MI CHIAMO FRANCESCO TOTTI - La vita, la storia, il passato, il presente e il futuro di uno dei più grandi calciatori italiani di sempre: Francesco Totti. Raccontato in prima persona dalla voice over dello stesso giocatore, il documentario di Alex Infascelli garantisce tutti gli ingredienti classici dei biopic sugli atleti, comprese le puntuali immagini d'archivio familiare quando sui campetti della periferia romana e della Lodigiani (terza squadra della capitale, seconda per Totti) il ragazzino già stupiva tutti. In più, e non è poco, riesce nel sorprendente intento di raccontare un uomo e un mondo che cambia mediante una riflessione tutt'altro che scontata sul tempo, portando la figura in primo piano a interrogarsi su ciò che accadrà, adesso che quel periodo si è irrimediabilmente chiuso, lasciando "Solo" (come la canzone di Baglioni che chiude il film) quel giocatore che si trova immerso nella notte di uno stadio Olimpico deserto e buio, un po' malinconico e spaesato. Una sorpresa. Voto: 7.

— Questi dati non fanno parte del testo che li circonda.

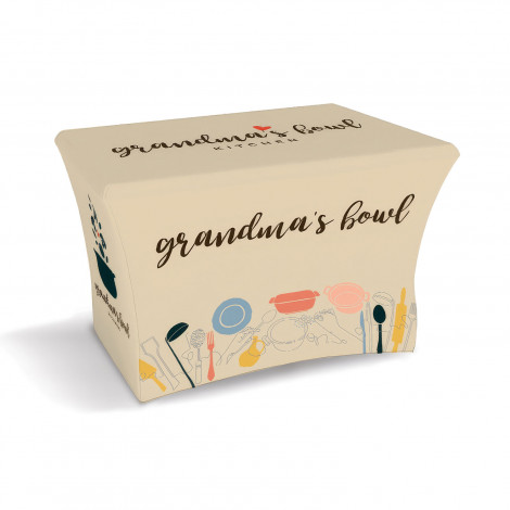 Small stretched polyester tablecloth that delivers a sleek, fitted look for events and expo displays. The stretch fabric wraps neatly around the table for a smooth, secure finish that stays in place throughout the day. With full-colour sublimation across the entire surface, it offers a clean, modern backdrop for presenting products, signage or promotional materials.

SUL PIÙ BELLO - Marta non è bella, ha 19 anni, è orfana fin da bambina quando perse i genitori in un incidente stradale, ha una rara malattia che non le dà grandi aspettative di vita. Ha due amici fidati: Jacopo è gay, Federica è lesbica e insieme vorrebbero comunque avere un figlio. Marta lavora in un supermercato, dove recita all'altoparlante, in modo creativo, le offerte del giorno, tra lo stupore dei clienti. Marta si invaghisce di un giovane rampollo di famiglia borghese e ricca, ma Arturo prima la prende in giro e poi si accorge di esserne innamorato. Marta consapevole della sua malattia cerca allora di dissaduerlo. Un teen movie leggero che sa inoltrarsi in un terreno minato per il cinema italiano. E invece alla fine è quello che vuole essere, non privo di qualche spunto di interesse (la differenza di classe, il ribaltamento della consuetudine sessuale, la malattia tenuta delicatamente in sottotraccia), sconfinando in una commedia romantica tenera e sincera, forse un po' corriva negli sviluppi narrativi. Esordisce alla regia Alice Filippi, Ludovica Francesconi è una Marta che ricorda abbastanza Amelie, rubando la scena a tutti, a cominciare dal bello di turno, Giuseppe Maggio. Voto: 6.

LA CLASSE DEI RIBELLI - Lei avvocato di origini magrebine, lui batterista rock, figlio problematico, nella periferia parigina multietnica di Bagnolet. In un saliscendi continuo di luoghi comuni, di razzismi e controrazzismi, la vita disarticolata di due radical chic, che finiscono impantanati nello stagno del politicamente corretto. Commedia scritta e diretta da Michel Lecrerc con brio, ambiguamente destinata a finire dentro gli stessi tranelli che crea, “Una classe per i ribelli” (in originale “La lotta di classe”) è così felicemente innocua da stridere con gli ultimi gravi fatti di cronaca. Il pregio maggiore resta aver portato i bambini a fare i portoghesi per vedere “I 400 colpi”.  Voto: 6.